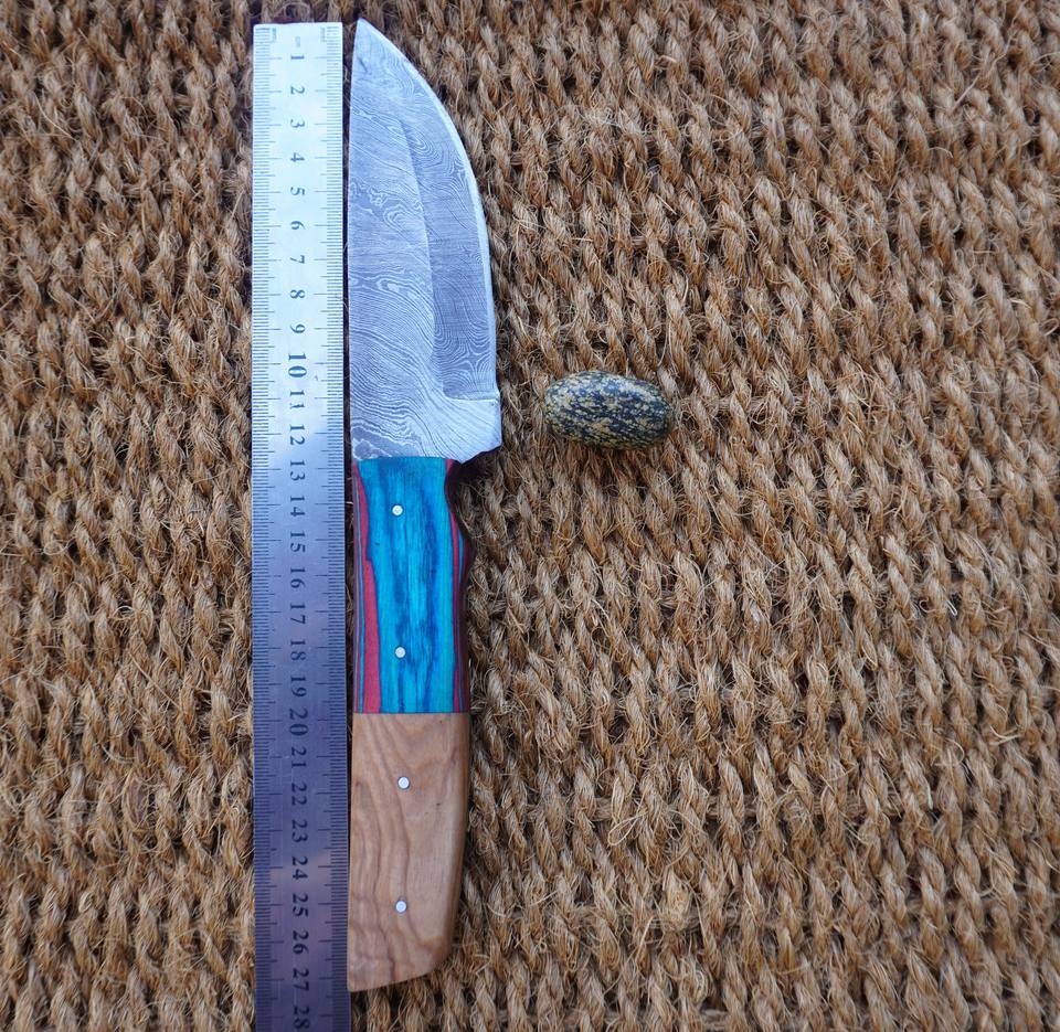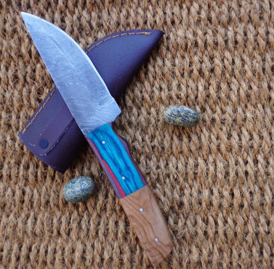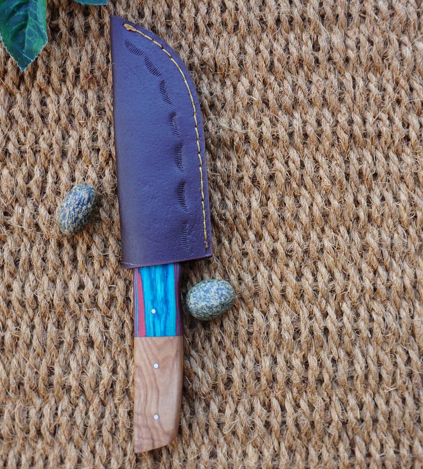 Juego de Cuchillos de Caza de Acero al Carbono Hechos a Mano con Mango de Madera Híbrida, Funda de Cuero, Diseño Ambidiestro y Construcción Duradera
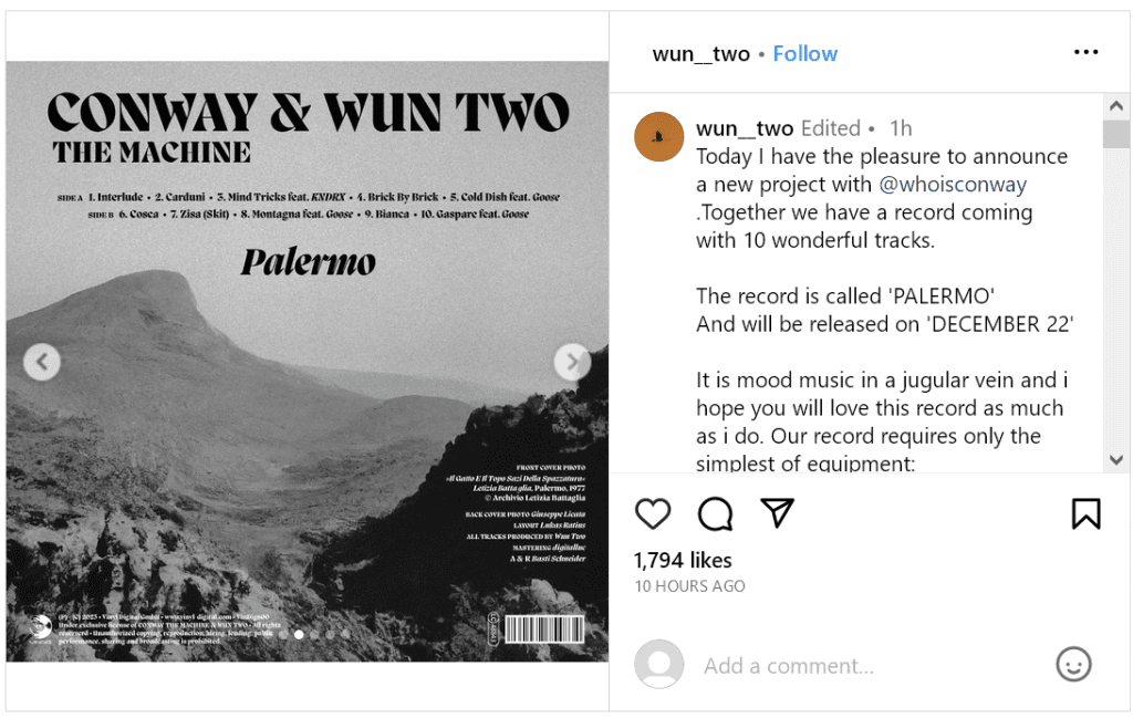 Buffalo, New York rapper Conway the Machine will be releasing a new album with producer Wun Two in 2023. Titled Palermo, the album will release December 22nd. Features on the album include Goose & KNDRX.
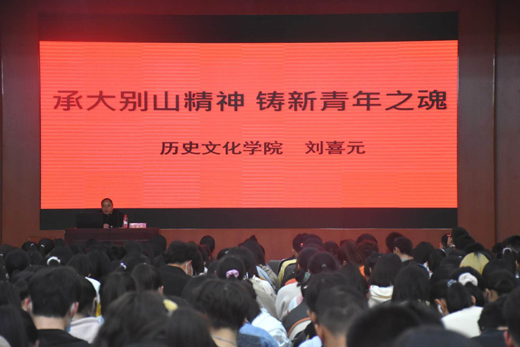 刘喜元发表讲话。他指出大别山精神在党的发展历程中占有重要地位,值得当代青年弘扬与传承。他结合有关党、革命根据地、英雄烈士等故事,从“坚韧忠诚”“胸怀全局”“朴诚为民”“不胜不休”四个方面,通过 PPT、数据、事例深刻形象阐述大别山精神的实质与核心意义,期望全体新生铭记历史,担当使命,继承和发扬大别山精神。刘喜元以“大学生为什么而读书”为切入点,引出大别山精神即新青年之魂。他以建设中国特色社会主义和实现中华民族伟大复兴的中国梦为时代背景,结合习总书记对青年的期待寄语,希望全体新生树立远大理想,担当时代责任,锤炼品德精神,勇于砥砺奋斗,鼓励在座新生树立正确人生观、价值观,胸怀远大志向,勇于奉献,为中华民族伟大复兴添砖加瓦。刘喜元富有感染力的讲话引发学子深刻思考,学子们纷纷表示受益匪浅。
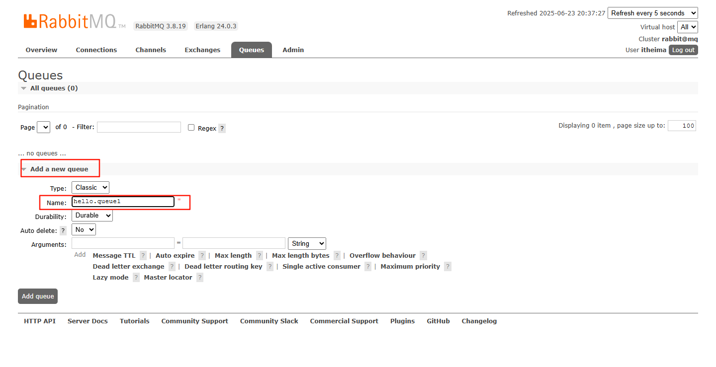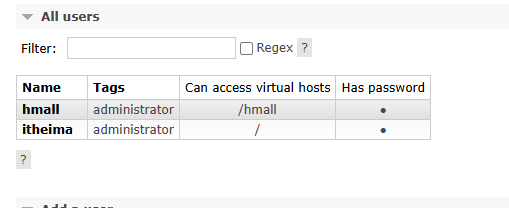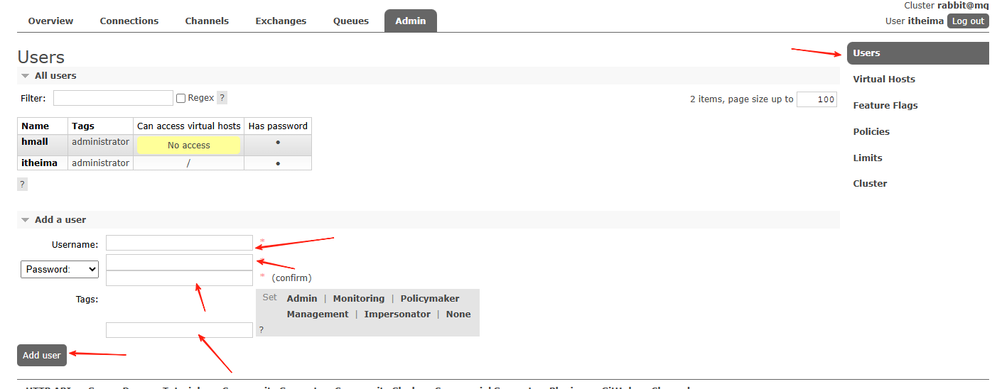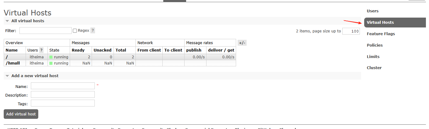 先创建一个用户,但是 Can access virtual hosts 是空的,需要创建虚拟主机并绑定
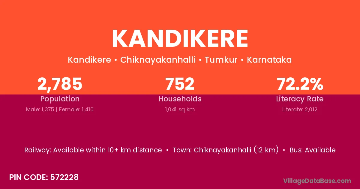 Chiknayakanhalli (12 km) is the nearest town to Kandikere village for major economic activities and is located approximately 12 km away.
· · · · · · ·
#### [Exercise description]
Transcribe exactly the portion of the material above that runs from the line containing "先创建一个用户,但是 Can access" through its last line, omitting all pictures.

#### [Exercise response]
 先创建一个用户,但是 Can access virtual hosts 是空的,需要创建虚拟主机并绑定
 Chiknayakanhalli (12 km) is the nearest town to Kandikere village for major economic activities and is located approximately 12 km away.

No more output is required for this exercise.